Dionysos the Leader (Kathegemon) was the god of the royal family; and the kings claimed to be descended from him, and to be in succession his embodiment and envisagement on earth, just as the Seleucid sovereigns of Syria were the incarnation of Apollo. This cult owed its importance in Pergamum to the kings; and its diffusion through Asia must be attributed to them; but the worship, having once been established, persisted through the Imperial period, for religious institutions were rarely lost so long as paganism lasted. The worship was practised in Imperial times by a religious society, bearing the name Ox-herds (Boukoloi), at the head of which was the Archi-Boukolos; it was accompanied by mysterious rites, and the mystic name of the god seems to have been the Bull.

The anthropomorphic spirit of Greek religion retained very few traces of the bull character in the Hellenic conception of Dionysos; but Asklepios was more closely associated with the serpent. The Hellenic religious spirit represented the god as a dignified human figure, very similar in type to Zeus, supporting his right hand on a staff round which a serpent is twined. His serpent nature clings to him, though only as an attribute and adjunct, in the fully Hellenised form. In the Anatolian ritual the god was the Asklepian serpent, rather than the human Asklepios. Thus in Figure 23 the Emperor Caracalla, during his visit to Pergamum, is represented as adoring the Pergamenian deity, a serpent wreathed round the sacred tree.

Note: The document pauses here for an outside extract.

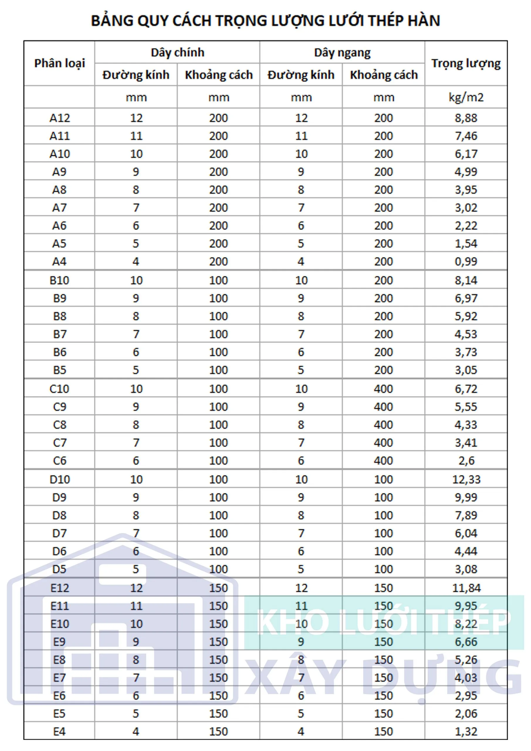 `Bảng quy cách và trọng lượng tiêu chuẩn của lưới thép hàn – lưới đổ sàn bê tông`

Between the God-Serpent and the God-Emperor stands the little figure of Telesphorus, the Consummator, a peculiarly Pergamenian conception closely connected with Asklepios.

Figure 23

Figure 23: Caracalla adoring the God-Serpent of Pergamum

Asklepios the Saviour was introduced from Epidauros in a comparatively recent period, perhaps the fifth century. He appears on coins from the middle of the second century B.C. and became more and more the representative god of Pergamum. On alliance coins he regularly stands for his city, as in Figure 10, chapter 14.

As Asklepios was imported to Pergamum for Epidaurus in Argolis, it may be asked why his character in ritual was so strongly Anatolian and so little Hellenic. The reason is that he belonged to the old Pelagian stratum in religion, which persisted most strongly in such remote and rural parts of the Peloponnesus; and he had participated little in the progressive Hellenisation of the old Greek gods; now the Pelagian religion was closely kindred in character to the Anatolian.

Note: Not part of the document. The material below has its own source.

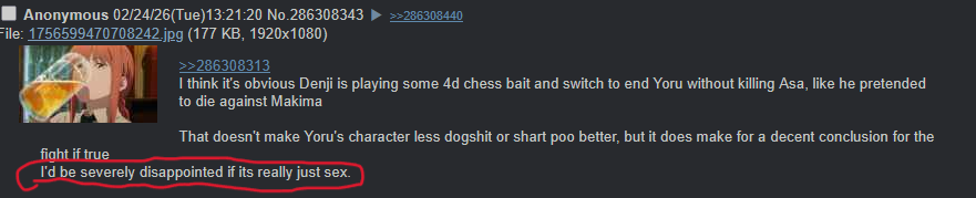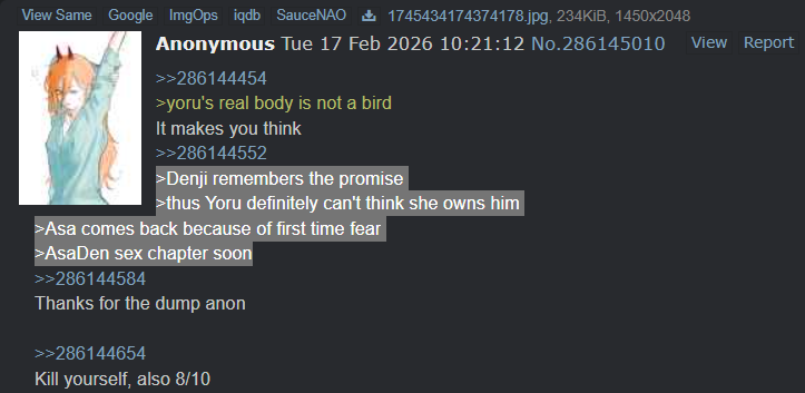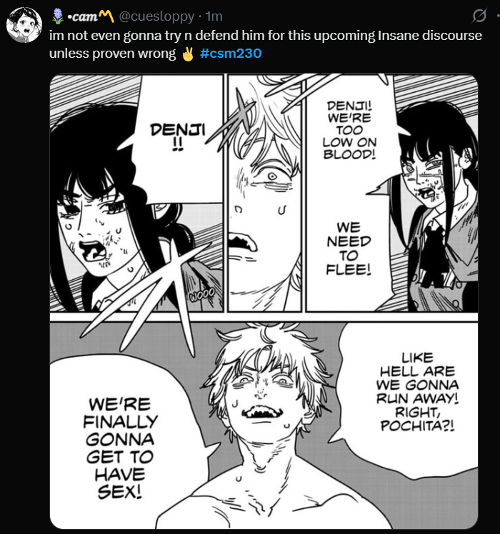 Denji shouldn’t have sex, he should find purpose in life another way like Onizuka and Kurosawa but I doubt Fuji is leading to something like that. He’s a cuck with a humiliation fetish

On the royal coinage Athena and other Hellenic gods are almost the only divine types; but on the cistophori, which were intended to be the common coinage in circulation through the whole Pergamenian kingdom after 200 B.C., neither kings nor specifically Hellenic gods appear, but only symbols taken from the cults of Dionysos and Asklepios. On the obverse is the cista mystica of Dionysos (Figure 24) within a wreath of his sacred plant the ivy: the lid of the box is pushed open by a serpent which hangs out with half its length. The relation of the God-Bull to the God-Serpent in the Anatolian ritual is well known: “the bull is father of the serpent, and the serpent of the bull": such was a formula of the Phrygian Mysteries. On the reverse are two Asklepian serpents with their lower parts intertwined and heads erect: between them is a bowcase containing a strung bow.

Figure 24

Figure 24: Obverse of Cistophorus with serpent and mystic box of Dionysos

The monogram of the first three letters of the name Pergamum is the only indication on these coins of Pergamenian origin and domination. It was clearly the intention of the kings in this coinage to avoid all appearance of domination over Asia, and to represent the unity of their realm as a voluntary association in the common religion of the two deities whose ritual is symbolised in barbaric Anatolian forms on the cistophori, without the slightest admixture of Greek anthropomorphism, and whose worship we have already traced in several cities of the Pergamenian realm. The cistophori were struck at first in Pergamum, but soon in most of the great cities of the Pergamenian realm. Only those struck in Pergamum bore the Pergamenian monogram. The others bore the name or symbols of their own place of coinage. These coins are a true historical monument. They express a phase of administration, the Pergamenian ideal of constructive statesmanship, which is attested by no historian and hardly by any other monument.

Figure 25

Figure 25: Reverse of Cistophorus with serpents and bowcase

The cistophori show clearly the point of view from which the symbolism of the Apocalypse is to be interpreted. They reveal a strong tendency in the Asian mind to express its ideas and ideals, alike political and religious, through symbols and types; and they prove that the converted pagan readers for whom the Apocalypse was originally written were predisposed through their education and the whole spirit of contemporary society to regard visual forms, beasts, human figures, composite monsters, objects of nature, or articles of human manufacture, when mentioned in a work of this class, as symbols indicative of religious ideas. This predisposition to look at such things with a view to a meaning that lay underneath them was not confined to the strictly Oriental races; and the symbolism of the Apocalypse ought not to be regarded as all necessarily Jewish in origin. Much of it is plainly Jewish; but, as has been pointed out in chapters 11 and 12, a strong alloy of Judaism had been mingled in the composition of society in the Asian cities, and many Judaic ideas must have become familiar to the ordinary pagans, numbers of whom had been attracted within the circle of hearers in the synagogues, while purely pagan syncretism of Jewish and pagan forms was familiar in various kinds of ritual or magic.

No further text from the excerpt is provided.